Anggota Satgas MBG Tulungagung, Sri Wahyuni mengatakan, hasil uji laboratorium terhadap sampel makanan SPPG Pakisrejo telah keluar. Diketahui, sampel makanan itu dipastikan positif mengandung bakteri.
“Secara umum memang ada temuan positif bakteri dari hasil uji lab kemarin. Bakteri itu bisa menyebabkan ganghuan pencernaan terhadap penerima manfaat,” kata Sri Wahyuni, Senin (7/9/2026).
Terkait asal usul bakteri itu, Yuni menyatakan jika bakteri tersebut bisa berasal dari proses pengolahan, distribusi sampai konsumsi. Namun, dirinya tidak bida menyebutkan secara spesifik jenis bakteri yang ditemukan pada sampel makanan itu.
Mengingat, kewenangan untuk menjelaskan secara detail terhadap hasil uji laboratorium itu berada pada tim medis. Selain itu, Satgas MBG Tulungagung juga telah melakukan evaluasi dengan menerjunkan tim Inspeksi Kesehatan Lingkungan (IKL) lanjutan.
“Kami hanya membicarakan secara makro. Memang dari beberapa sampel ada yang positif mengandung bakteri,” ungkapnya.
Sedangkan untuk hasil inspeksi itu akan menjadi rekomendasi yang harus dilakukan untuk perbaikan pelayanan MBG di Tulungagung. Dengan begitu, kasus dugaan keracunan MBG semacam ini tidak terulang kembali.
“Kami akan mendorong percepatan monitoring dan evaluasi secara berkala dengan sidak ke SPPG. Kami juga menegaskan kepada SPPG agar segera lapor jika didapati kasus serupa,” pungkasnya.
Sebelumnya, puluhan penerima manfaat MBG di Kecamatan Rejotangan, Tulungagung mengalami gangguan pencernaan usai menyantap MBG dari SPPG Pakisrejo pada Senin (27/7/2026).

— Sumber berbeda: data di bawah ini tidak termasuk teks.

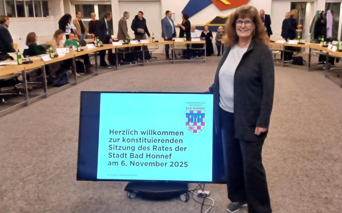 Als dienstältestes Mitglied – seit 26 Jahren – im Rat der Stadt Bad Honnef durfte Dr. Gabi Clooth-Hoffmeister (Volt) die konstituierende Sitzung des Rates am 6. November 2025 eröffnen und den Bürgermeister vereidigen. Sie betonte in ihrer Ansprache, Kommunalpolitik sei die unmittelbarste und menschlichste Form von Politik, und forderte den Rat zu einem respektvollen und verantwortungsbewussten Umgang miteinander auf. "Wahlkampf ist das eine. Aber nach der Wahl beginnt die gemeinsame Arbeit. Die Menschen erwarten von uns, dass wir miteinander nach Lösungen suchen, nicht gegeneinander" so Gabi Clooth-Hoffmeister.

Total ada sebanyak 66 orang yang terdiri dari pelajar, balita, ibu hamil dan ibu menyusui yang mengalami keracunan MBG dan beberapa diantaranya harus menjalani perawatan di Puskesmas.

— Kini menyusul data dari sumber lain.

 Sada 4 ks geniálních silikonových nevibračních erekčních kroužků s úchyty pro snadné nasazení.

SPPG Pakisrejo sempat berupaya menutupi kasus keracunan tersebut karena pelaporan kasus yang terlambat dan adanya sejumlah obat di SPPG.
Namun, Satgas MBG Tulungagung berhasil mengamankan sampel makanan untuk dilakukan uji laboratorium. Selain itu, BGN juga telah menghentikan operasional SPPG Pakisrejo sejak Kamis (30/7/2026). (sal/red)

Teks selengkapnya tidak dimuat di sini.